MANILA, Philippines — The escalation of trade tension between China and the United States will not have as large an impact on the Philippines than other economies in the ASEAN region, UBS Investment Bank said yesterday.
The investment banking giant said the Philippines is even shaping up to be an attractive investment destination for Chinese companies engaged in automobile manufacturing, electronics, and business process outsourcing (BPO).
In a new report, UBS said it has revised downward its 2018 and 2019 growth projections for most economies in the ASEAN region in line with the lowering of growth projections in China and the US because of the imposition of steep tariffs on selected imports both ways.
It maintained its growth projection of 6.8 percent for the Philippines in 2018, but lowered its 2019 growth target to 6.4 percent from the previous forecast of 6.6 percent.
The lowering of the growth forecast for the Philippines was still slower compared with more open economies in ASEAN such as Singapore 2.2 percent in 2019 (from 3.2 previously), Thailand (3.3 percent in 2019 from 3.8 percent previously) and Malaysia (4.2 percent in 2019 from 5.1 percent previously).
“We now believe an escalation of US-China trade tensions with a meaningful fallout on growth is more likely than not,” said UBS economist for ASEAN Alice Fulwood in a teleconference Wednesday. “The trade war has a much bigger impact on other countries in ASEAN than in the Philippines.”
UBS has revised downwards its 2018 growth forecast for China to 6.5 percent from 6.6 previously and its 2019 growth forecast to 6.2 percent from 6.4 percent previously. For the US, it sees a lower growth rate of 2.9 percent for 2018 from the previous forecast of three percent and likewise a lower growth rate of 2.8 percent in 2019 the previous 3.2 percent forecast.
The bank sees the ASEAN region hit by the escalation of the trade war between the two superpowers in three ways: the impact of US tariffs levied globally, reduced aggregate demand in China, US, and even European countries, and the realignment of investments in the supply chain.
Faced with rising tariffs in its Western markets, China would be looking into diversifying the market for its goods and improving its production strategy to remain competitive. The UBS reports that the ASEAN region is fast becoming a popular investment destination for Chinese companies, while the US companies are still focused on expanding in China rather than South Asia.
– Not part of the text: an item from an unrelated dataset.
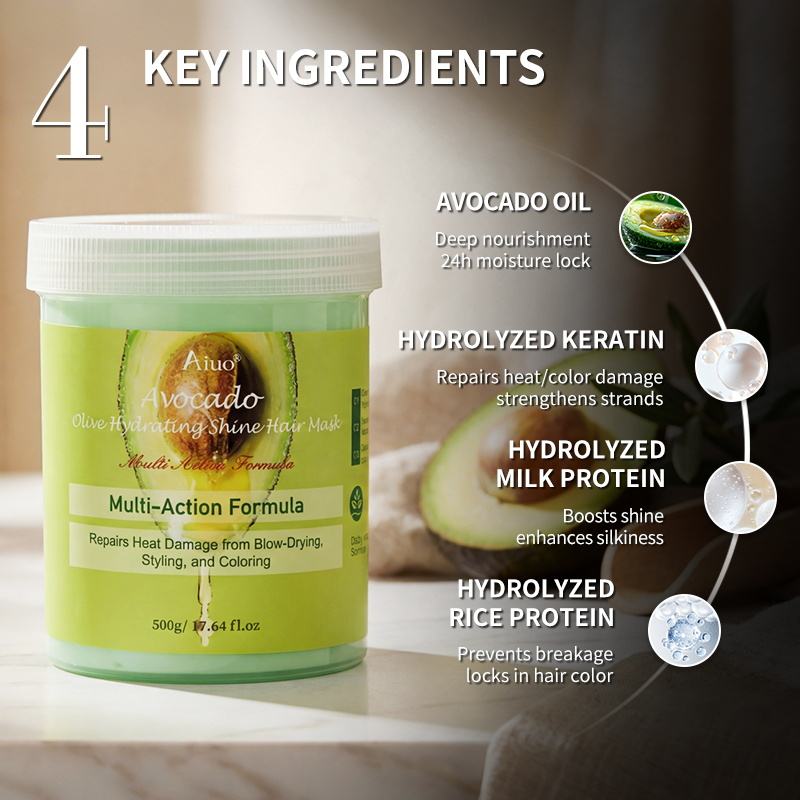 Main Ingredient:Avocado Oil, Hydrolyzed Keratin, Olive Oil, Hydrolyzed Rice Protein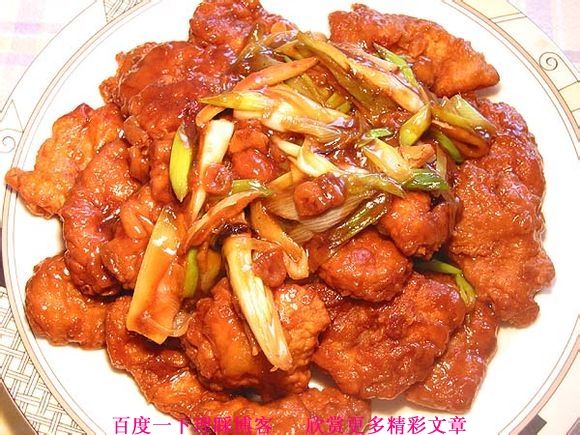 “西湖醋鱼”是浙江杭州传统风味名菜。此道菜选用西湖鲲鱼作原料,烹制前一般先要在鱼笼中饿养一两天,使其排泄肠内杂物,除去泥土味。烹制时火候要求非常严格,仅能用三四分钟烧得恰到好处。烧好后,再浇上一层平滑油亮的糖醋,胸鳍竖起,鱼肉嫩美,带有蟹味,道鲜嫩酸甜。 肉滋别具特色。

“Chinese firms might want to relocate to other destinations in ASEAN and the Philippines is an attractive destination. And that will be a positive effect,” Fulwood said.
The report said Chinese FDI into ASEAN may provide support for weakening exchange rates.
“Chinese firms are now looking aggressively at Southeast Asia,” said Fulwood, noting the Philippines stand to attract investments in car manufacturing, electronics, BPO and other small and medium-sized industries. “The Philippines has strength in service industry. They are also familiar with BPO in the Philippines,” she added.